Les répétitions à Phnom Penh ont également marqué le processus artistique. La chaleur, les moyens techniques limités, l’engagement bénévole de plusieurs participants ont façonné la création.

Frédéric Fisbach l’observe :« On est dans une économie de moyens très modeste. Mais la facture sera professionnelle, faite par des gens engagés dans un désir artistique. »

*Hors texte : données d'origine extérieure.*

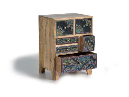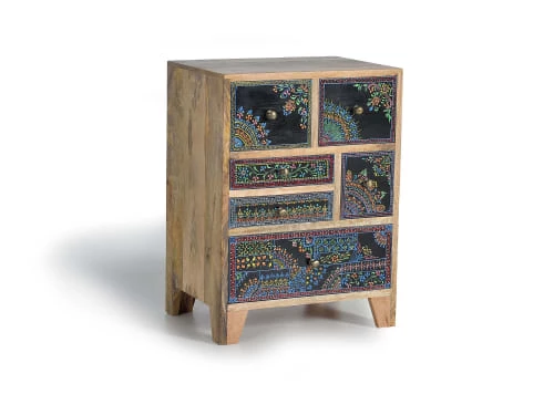 GINER Y COLOMER Commodes Et Cabinets Meuble D’appoint En Bois De Manguier Decorée à La Main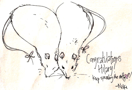 So, when NIGHTSHADE CITY debuted in October, some very sweet writer friends of mine sent me a big bag of goodies which included a hand painted frame of rats, an adorable mug that reads "Rats Rule!" (which of course they do), a bag of Cheetos (my favorite) and a slew of awesome cards! Of those, three were had drawn by some super fancy illustrators, Realm Lovejoy, Niki Smith and Stacey Vaughan!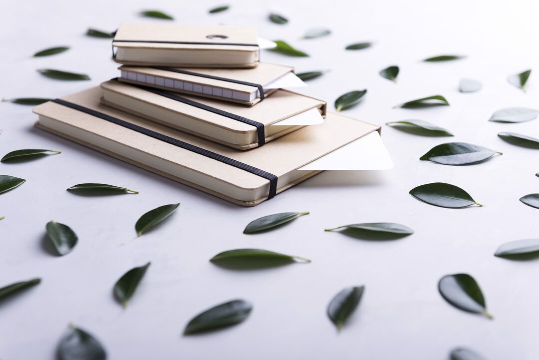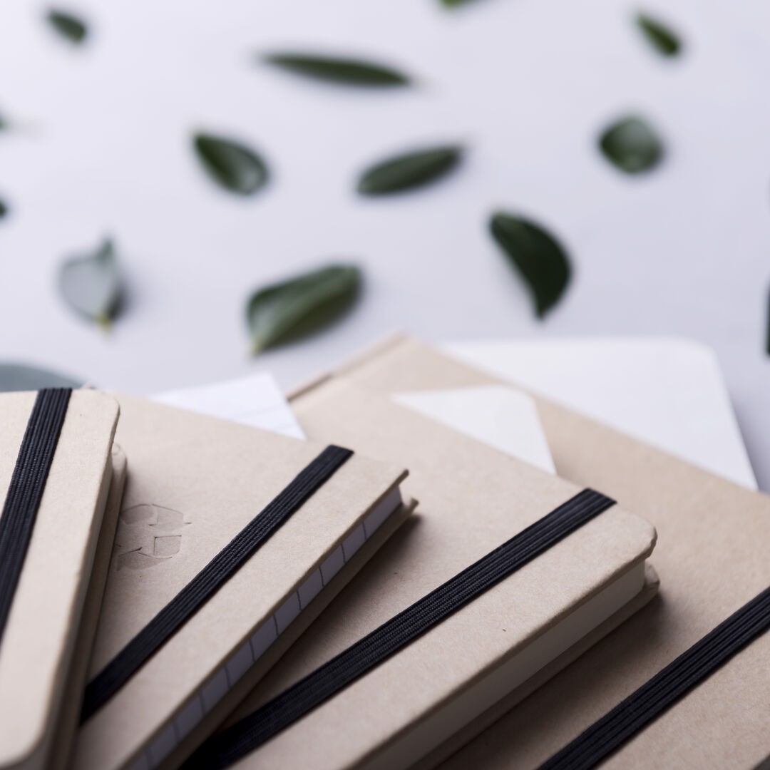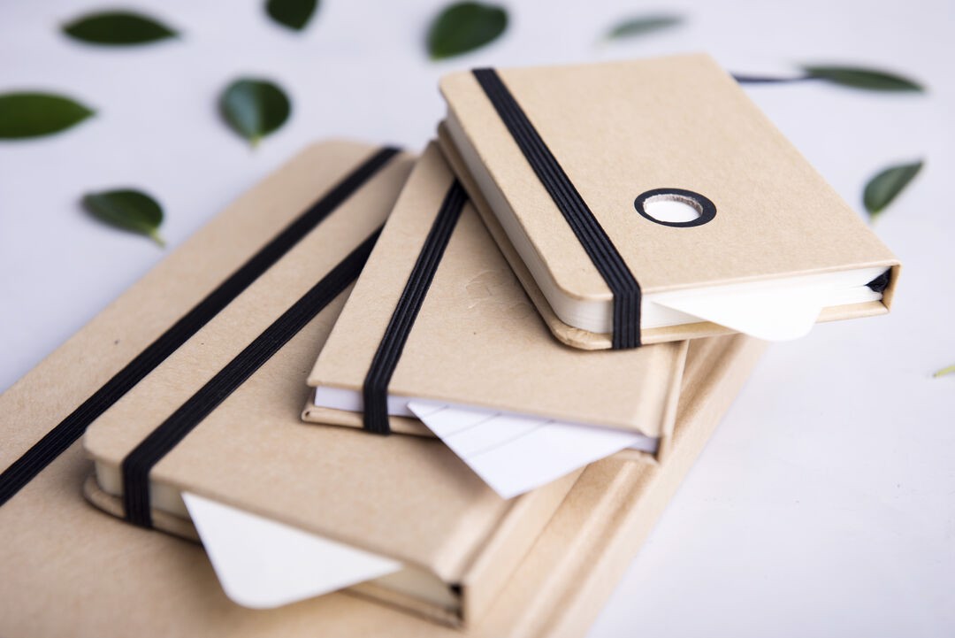Notepad with soft touch covers in resistant natural cardboard. 100 blank sheets, with elastic band and matching color fabric bookmark. Hard Cover. 100 Sheets

Madalina Constantin précise :« À 35 degrés, le corps ne fonctionne pas pareil. Il y a une sensualité qu’on n’aurait pas retrouvée dans un théâtre froid. Même si on joue en France, le corps gardera la mémoire de cette détente. »

Une empreinte de Phnom Penh dans l’identité de l’œuvre.

 

Une parole féminine assumée

Le spectacle repose entièrement sur des voix féminines portées par des femmes. Le metteur en scène dit avoir été marqué par leur engagement :« Je les ai trouvées très responsables. Elles ont des choses à dire et elles les disent. »

De leur côté, les comédiennes décrivent un processus collectif. L’une d’elles confie :
« Il ne se place pas seulement comme un metteur en scène qui dit ce qu’il veut. Il se met aussi comme un spectateur. C’est une création pour chacun d’entre nous. »

 

Et pour la suite… ?

Après les représentations du 4 au 8 mars à The Last Stage, une diffusion en France est envisagée pour 2027, sous réserve de partenaires.

L’objectif serait de permettre aux actrices cambodgiennes de présenter leur travail à l’étranger, dans une logique de circulation artistique.

D’ici là, Finding Myself (in mirage) s’inscrit dans une dynamique plus large : renforcer une scène théâtrale contemporaine à Phnom Penh et accompagner l’émergence d’artistes khmers appelés à prendre progressivement la direction des structures locales.